Red Cowan laughed shortly. “So that was it, eh? Deming didn’t mention it to me. Mebbe he was too sick.”
“Prob’ly. Too bad he didn’t live longer, Red. Delong confessed that Mitchell hired him to plant evidence that sent Harry Deming to the pen. We’ll have Harry out in a few days.”
“Well, I’ll be danged!”
“Queer, ain’t it?” mused Joe, looking down at the body of the sheriff. “His wife said that some day his star would rise up and kill him. She said he was makin’ a god out of his star. I dunno, Red. Things have a queer way of workin’ out. If he hadn’t been so strong on duty he’d never have taken that sick hobo off that train. Deming always had the idea of bein’ his brother’s keeper, yuh know.”
“That’s what I’ve heard. Duty they called him, didn’t they?”
“Yeah. Awful set in his ways. I suppose we might as well start back with him.”
“Sure; might as well. Sorry I didn’t rope him down. But he seemed to be all right when I left. Fever made his heart weak, I suppose. But he never told me he was after me, Joe.”
“He wouldn’t.
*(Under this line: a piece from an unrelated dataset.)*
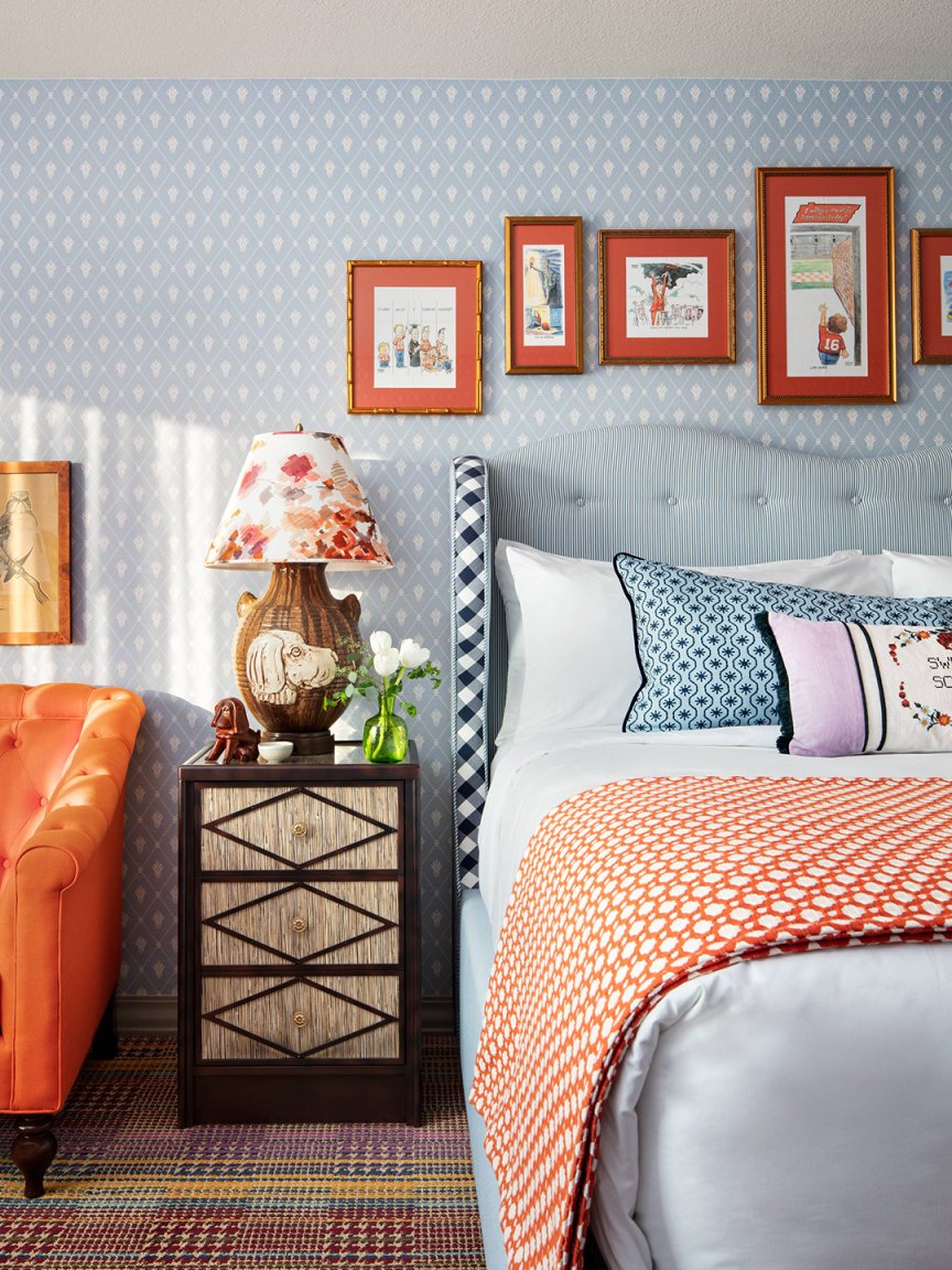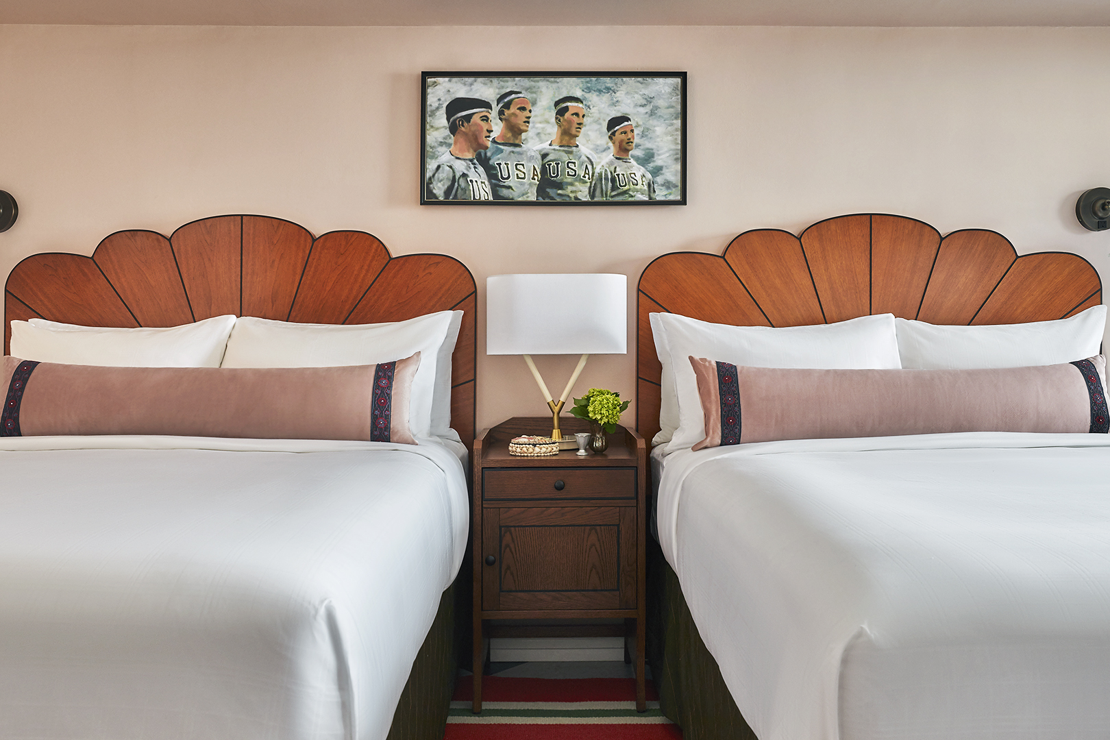 Upholstery isn’t the be-all and end-all for a statement headboard. Take a note from the Graduate’s Seattle location. A scalloped wood arc offers guests an Art Deco–inspired place to rest their heads at the end of a long day.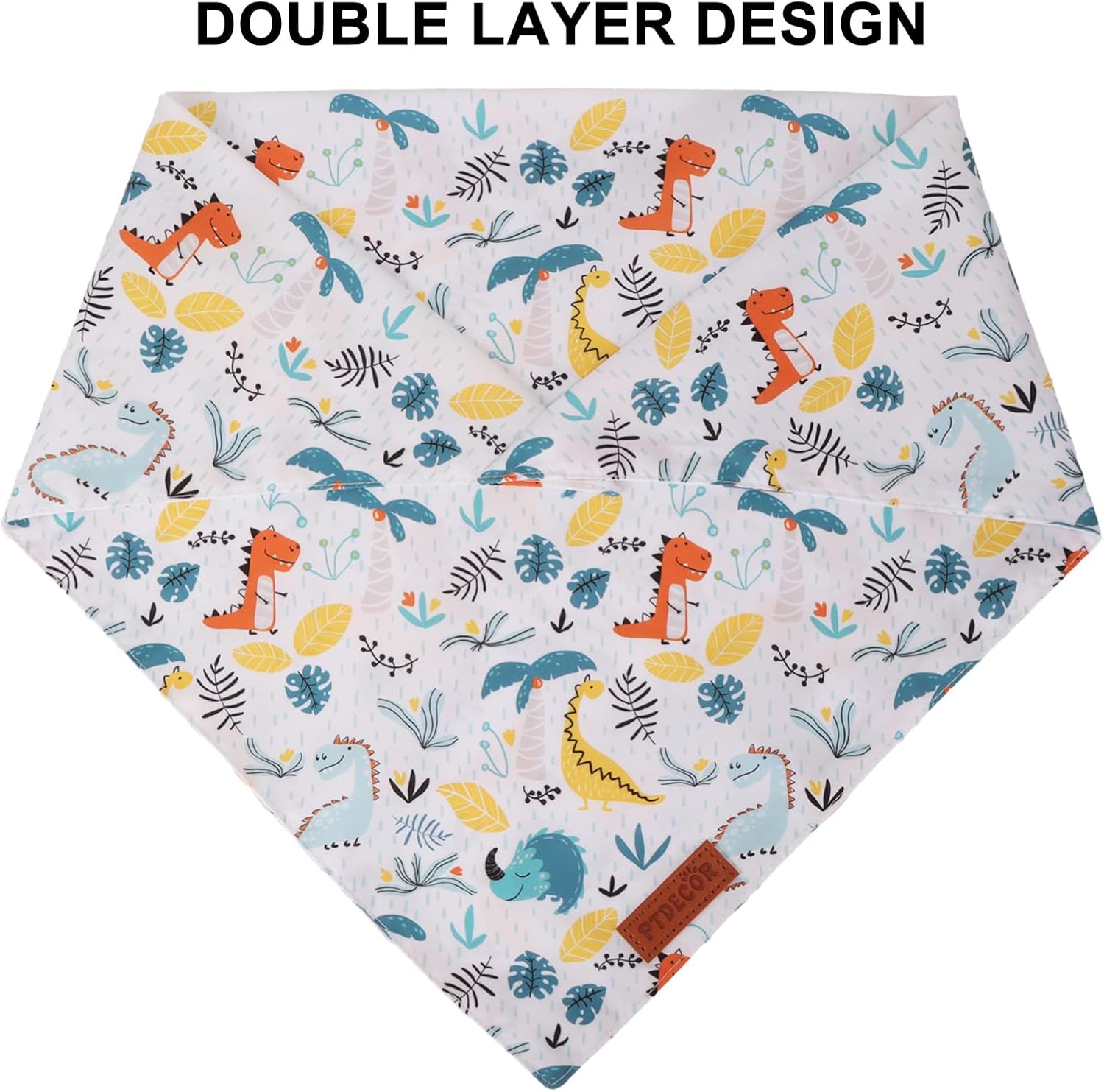 PTDECOR Dinosaurs Dog Bandana, Dinosaurs Design Reversible Pet Scarf Bib, Premium Durable Fabric, Adjustable White Green Bandanas for Medium Large Dogs Pets (Large)

I can figure out where he got the measles and I can figure out why he didn’t tell yuh what he was doin’ in the lava beds, but I’ll be damned if I can figure out why he killed the red bull calf and said it was you.”
“I didn’t know about that, Joe. He must have been crazy.”
“Mm-m-m-m,” said Joe slowly. “I s’pose he was. Red, do yuh believe in them Ten Commandments?”
“Never read any of ’em. What are they about?”
“Everythin’.”
“Must be good, eh?”
“Worth readin’. Git a rope and we’ll take him home.”